Manchin: Senator Byrd would be rolling over in his grave over Dems 2013 use of nuclear option
Did Joe Manchin just open the door for Republicans to invoke the nuclear option if necessary to confirm Neil Gorsuch to the Supreme Court? In appearances on CNN and MSNBC this morning, Dem Senator Manchin blasted his fellow Dems for having invoked the nuclear option in the first place.
Said Manchin on Morning Joe: “I’ve been opposed to the nuclear option. I thought Harry Reid was dead wrong when he did it. I voted against that. My dear beloved senator, prior to my coming here, was Robert C. Byrd and he would be rolling over in his grave knowing what we have done.” That could be understood to mean: Dems, if the Republicans now use the nuclear option to confirm Gorsuch, you’ve got no one to blame but yourselves for having opened Pandora’s Box.
Note: Manchin suggested that he wouldn’t be afraid to lose his seat since “my consolation is, if I get defeated, I get to go home. I get to go back to beautiful West Virginia. I’m fine with that.”
Maybe so. But it’s funny how ex-congress critters tend to wind up sticking around DC to cash in and live the life they’ve become accustomed to. Remember Bob Dole declaring during the 1996 presidential campaign that he would either win or go home to Kansas? He lost . . . and is still in DC.
BONUS COVERAGE: Totenberg Says Gorsuch Pick Might be Signal to Kennedy that it’s OK to Retire
Appearing before Manchin on Morning Joe, NPR’s Nina Totenberg said the “back-channel story to this is, that this is a way conservative activists hope, that they can telegraph to Anthony Kennedy, who’s 80-years old, and who Judge Gorsuch clerked for, this is a way to say to him ‘it’s all right for you to leave and give us a second appointment to the Court.’
Certainly, it would be good to have the ability to nominate an originalist to replace the more moderate, swing-voting Kennedy. The big enchilada, of course, would be the chance to replace one of the Court’s unreconstructed liberals.
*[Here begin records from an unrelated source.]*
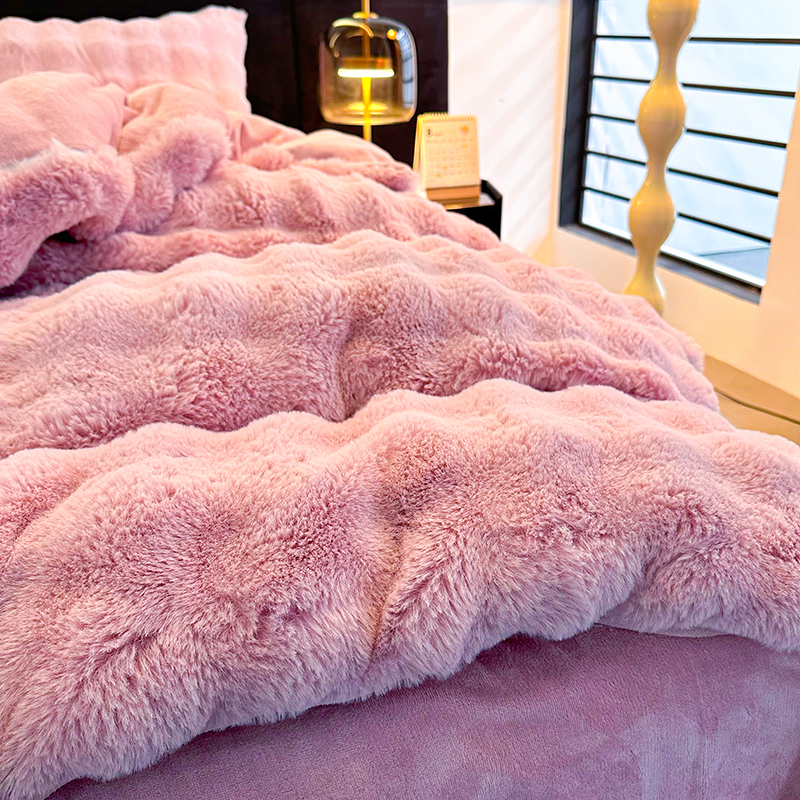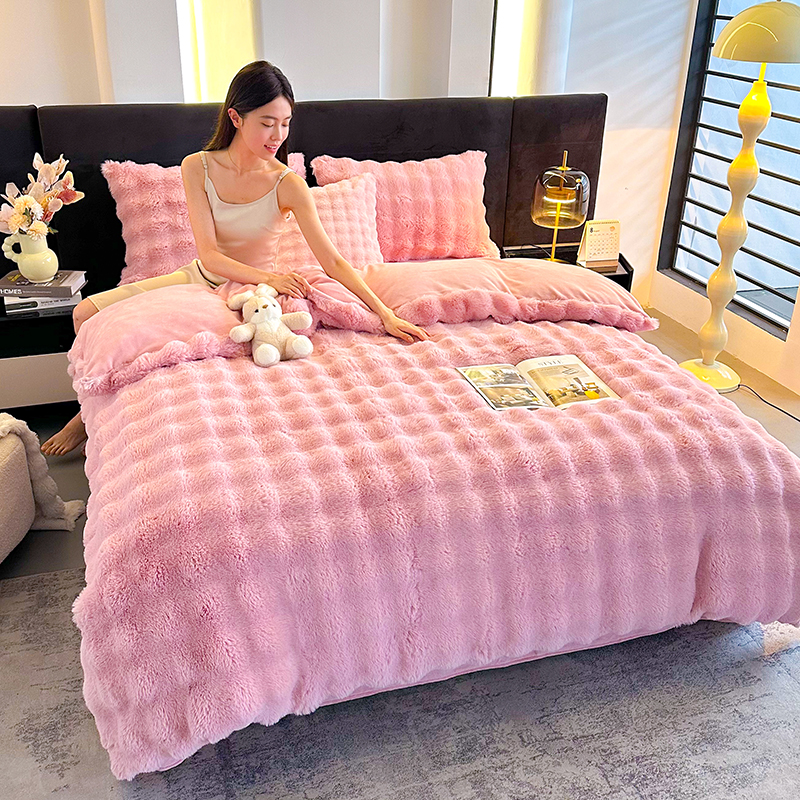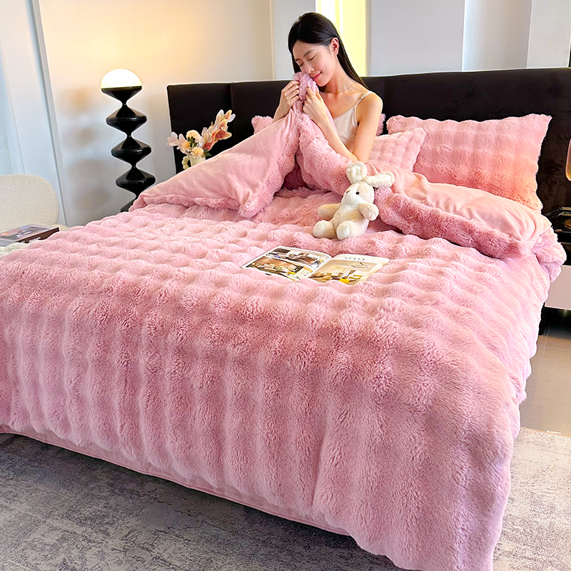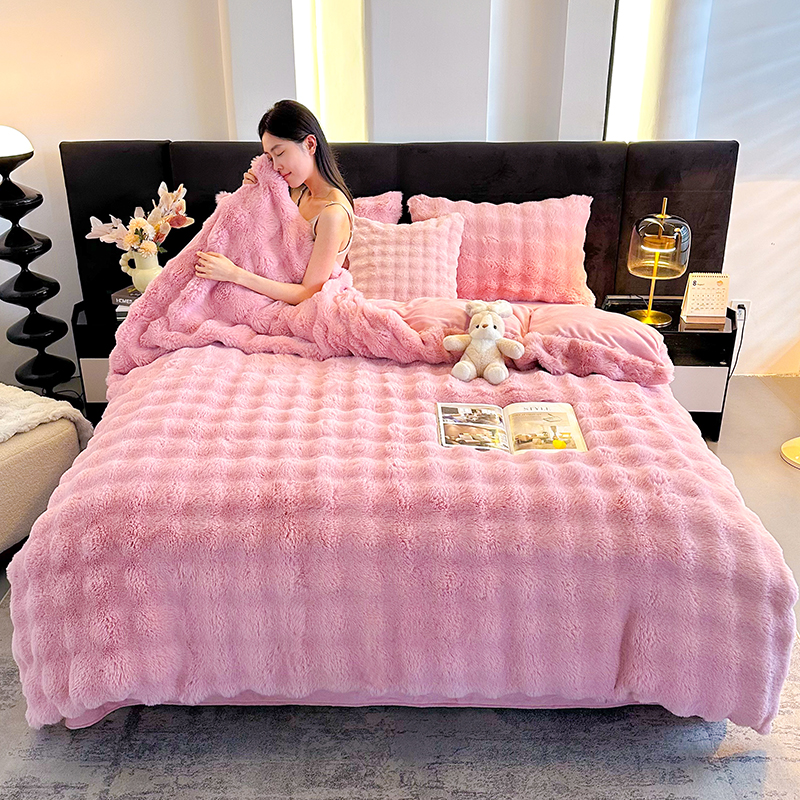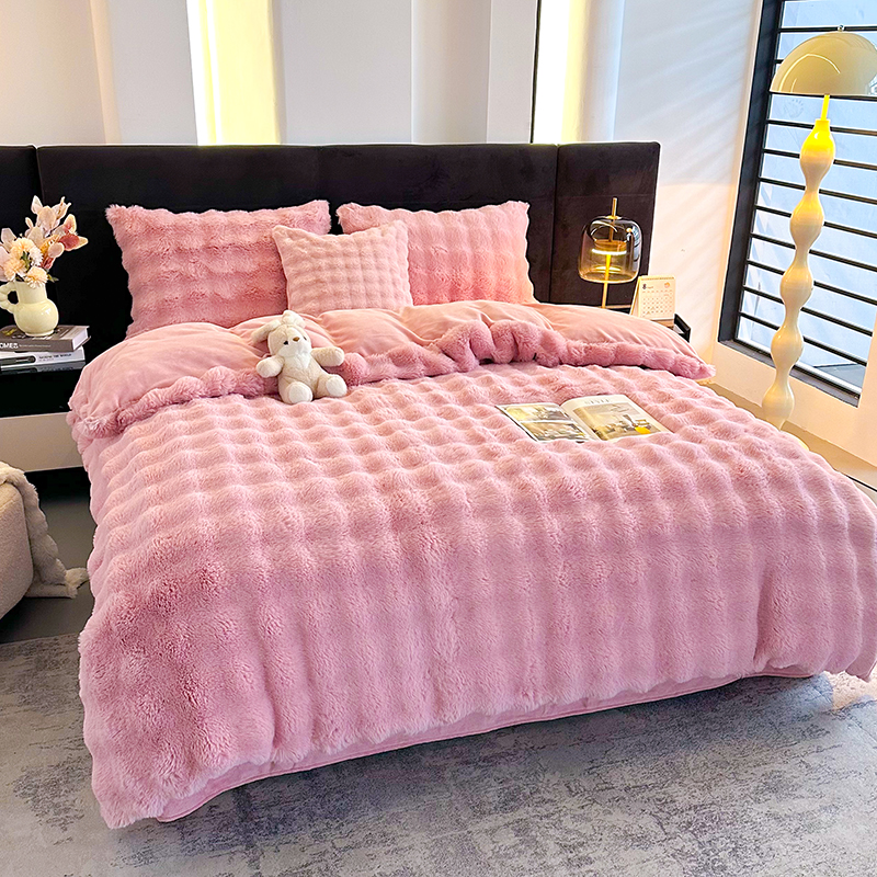 商品名称:赢盛家纺 2025新款亲肤舒适纯色泡泡兔兔绒加厚牛奶绒床单款三件套四件套 粉色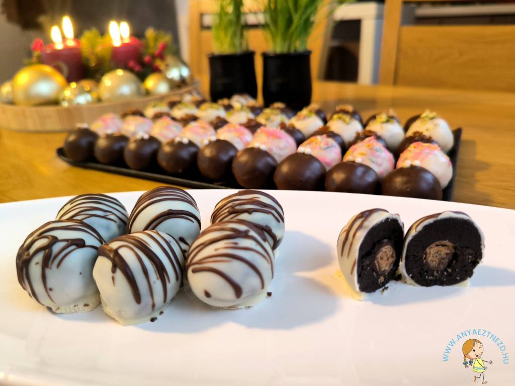 A kekszet egy késes aprító segítségével (a benne lévő krémmel együtt) finomra daráljuk, majd összegyúrjuk a mascarponéval és golyókat formázunk belőle. Bevonjuk őket a gőz felett felolvasztott fehér csokival és díszítésként étcsokit vagy apróra tört Oreo kekszet teszünk a tetejére.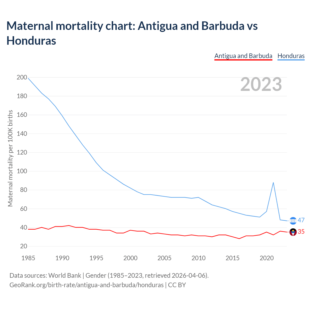 The maternal mortality rate, which is the probability of dying during childbirth or within 42 days of pregnancy termination, is 35 deaths per 100,000 live births in Antigua and Barbuda, compared to 47 deaths in Honduras.

Justice Ginsburg: there’s a lovely condo in Pembroke Pines with your name on it!
WILLIE GEIST: Do you think, Senator, it would be as outrageous as what Republicans did with Merrick Garland for them to then go nuclear on this nominee and require only a simple majority to push him through?
JOE: Well, I really don’t — I’ve been opposed to the nuclear option. I thought Harry Reid was absolutely dead wrong when he did it. And I voted against that. My dear beloved senator, prior to my coming here, was Robert C. Byrd. He’d be rolling over in his grave knowing what we have done and what we continue to do and how we really act out. So with that being said, I think it should be a bipartisan vote. I think it should be 60 votes for our Supreme Court. I think at the highest court of the land it should be what we are coming together as Americans and not to continue to divide us. With that being said, let’s give the man a chance. Talk to him. My goodness. Don’t shut it down before we even get started.
. . .
MARK HALPERIN: You’re going to come under pressure from national liberal groups to join an attempt to block him by demanding 60 votes. So are you impervious to that pressure?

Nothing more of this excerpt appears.